EXERCISE AIM:
Begin at the line containing "The User Logins" in the records below, end at the line containing "Waropko, Boven Digoel", and retype each line in that span exactly. No other line and no image should appear.
*** EXERCISE MATERIALS Section Begins ***
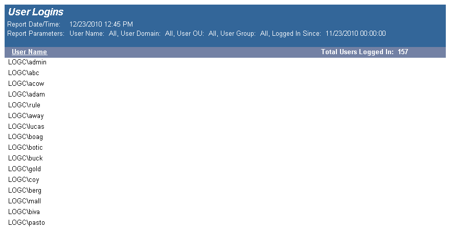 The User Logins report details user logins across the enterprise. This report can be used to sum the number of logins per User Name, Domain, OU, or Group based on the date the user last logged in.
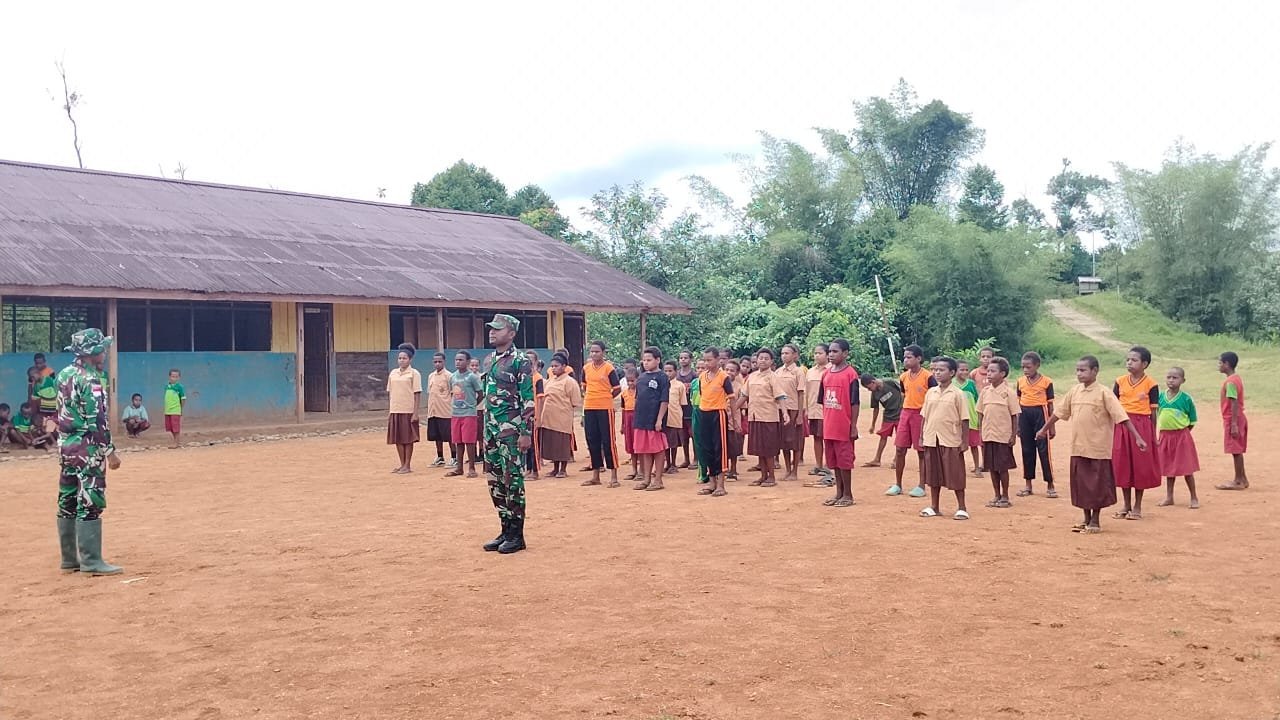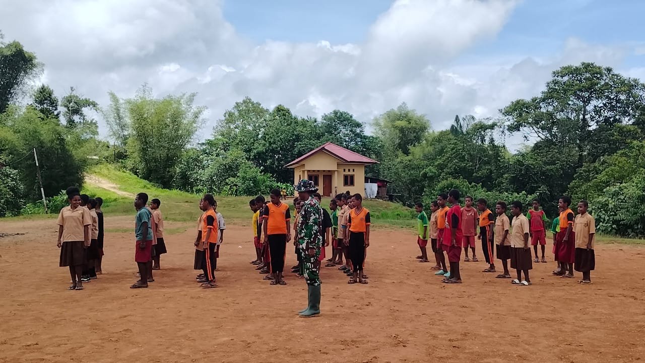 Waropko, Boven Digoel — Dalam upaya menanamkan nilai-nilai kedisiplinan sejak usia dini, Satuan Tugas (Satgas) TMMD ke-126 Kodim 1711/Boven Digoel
*** EXERCISE MATERIALS Section Ends ***
*** EXERCISE MATERIALS Section Begins ***
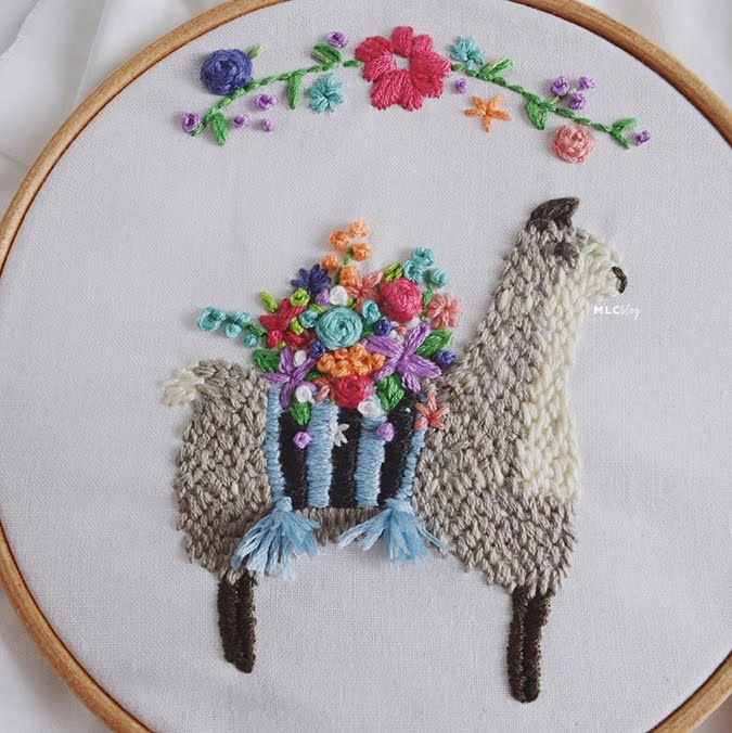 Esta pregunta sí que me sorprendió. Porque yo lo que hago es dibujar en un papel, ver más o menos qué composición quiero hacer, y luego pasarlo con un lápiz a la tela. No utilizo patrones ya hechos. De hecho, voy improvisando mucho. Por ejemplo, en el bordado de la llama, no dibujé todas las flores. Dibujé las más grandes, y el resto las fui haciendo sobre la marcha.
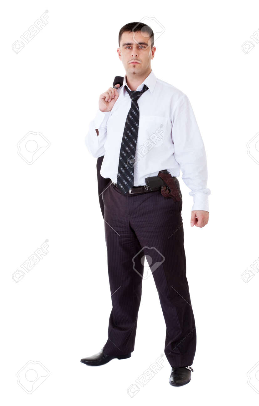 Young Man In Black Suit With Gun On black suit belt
*** EXERCISE MATERIALS Section Ends ***
ANSWER AREA:
 The User Logins report details user logins across the enterprise. This report can be used to sum the number of logins per User Name, Domain, OU, or Group based on the date the user last logged in.
 Waropko, Boven Digoel — Dalam upaya menanamkan nilai-nilai kedisiplinan sejak usia dini, Satuan Tugas (Satgas) TMMD ke-126 Kodim 1711/Boven Digoel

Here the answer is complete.